PROBLEM DESCRIPTION: The records that follow are to be printed exactly, with no images.

Collected data entries:
_ _ _ _

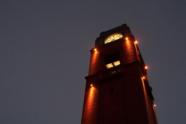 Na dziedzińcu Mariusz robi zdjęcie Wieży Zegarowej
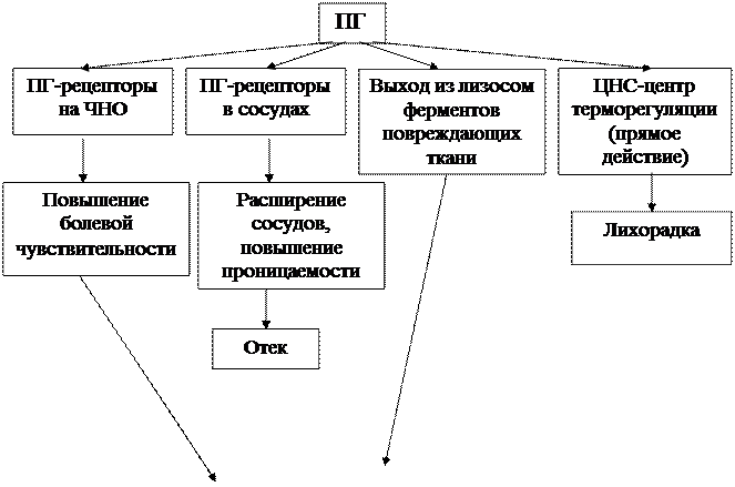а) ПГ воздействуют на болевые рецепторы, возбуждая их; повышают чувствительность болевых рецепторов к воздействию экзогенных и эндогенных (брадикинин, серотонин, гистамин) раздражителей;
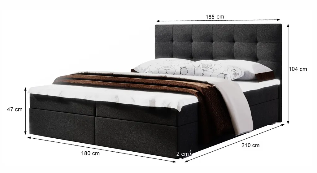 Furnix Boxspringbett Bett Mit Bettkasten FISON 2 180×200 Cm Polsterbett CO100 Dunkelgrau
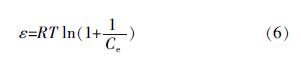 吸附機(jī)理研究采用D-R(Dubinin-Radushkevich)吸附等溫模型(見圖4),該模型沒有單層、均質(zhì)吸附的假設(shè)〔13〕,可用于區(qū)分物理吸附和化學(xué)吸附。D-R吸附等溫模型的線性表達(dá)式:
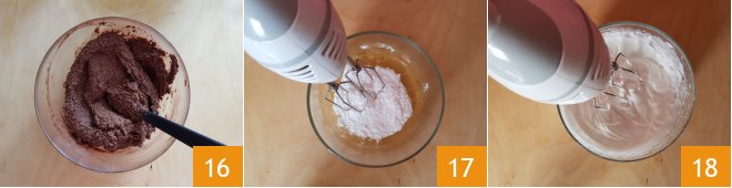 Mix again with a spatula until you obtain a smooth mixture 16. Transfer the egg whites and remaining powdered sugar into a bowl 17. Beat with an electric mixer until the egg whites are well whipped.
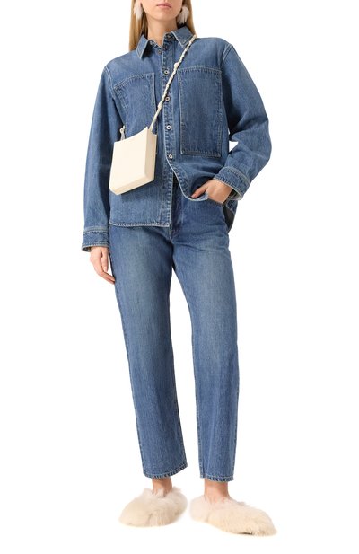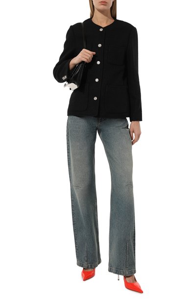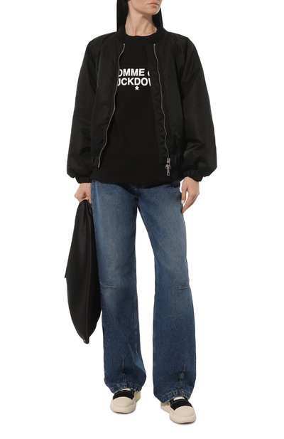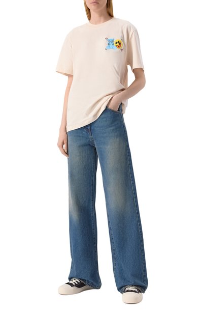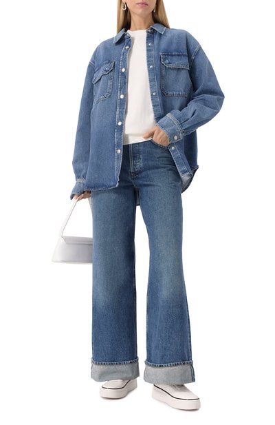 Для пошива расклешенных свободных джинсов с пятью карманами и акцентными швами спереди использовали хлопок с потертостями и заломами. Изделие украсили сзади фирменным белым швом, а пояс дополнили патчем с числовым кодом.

_ _ _ _

RESPONSE AREA:
 Na dziedzińcu Mariusz robi zdjęcie Wieży Zegarowej
а) ПГ воздействуют на болевые рецепторы, возбуждая их; повышают чувствительность болевых рецепторов к воздействию экзогенных и эндогенных (брадикинин, серотонин, гистамин) раздражителей;
 Furnix Boxspringbett Bett Mit Bettkasten FISON 2 180×200 Cm Polsterbett CO100 Dunkelgrau
 吸附機(jī)理研究采用D-R(Dubinin-Radushkevich)吸附等溫模型(見圖4),該模型沒有單層、均質(zhì)吸附的假設(shè)〔13〕,可用于區(qū)分物理吸附和化學(xué)吸附。D-R吸附等溫模型的線性表達(dá)式:
 Mix again with a spatula until you obtain a smooth mixture 16. Transfer the egg whites and remaining powdered sugar into a bowl 17. Beat with an electric mixer until the egg whites are well whipped.
 Для пошива расклешенных свободных джинсов с пятью карманами и акцентными швами спереди использовали хлопок с потертостями и заломами. Изделие украсили сзади фирменным белым швом, а пояс дополнили патчем с числовым кодом.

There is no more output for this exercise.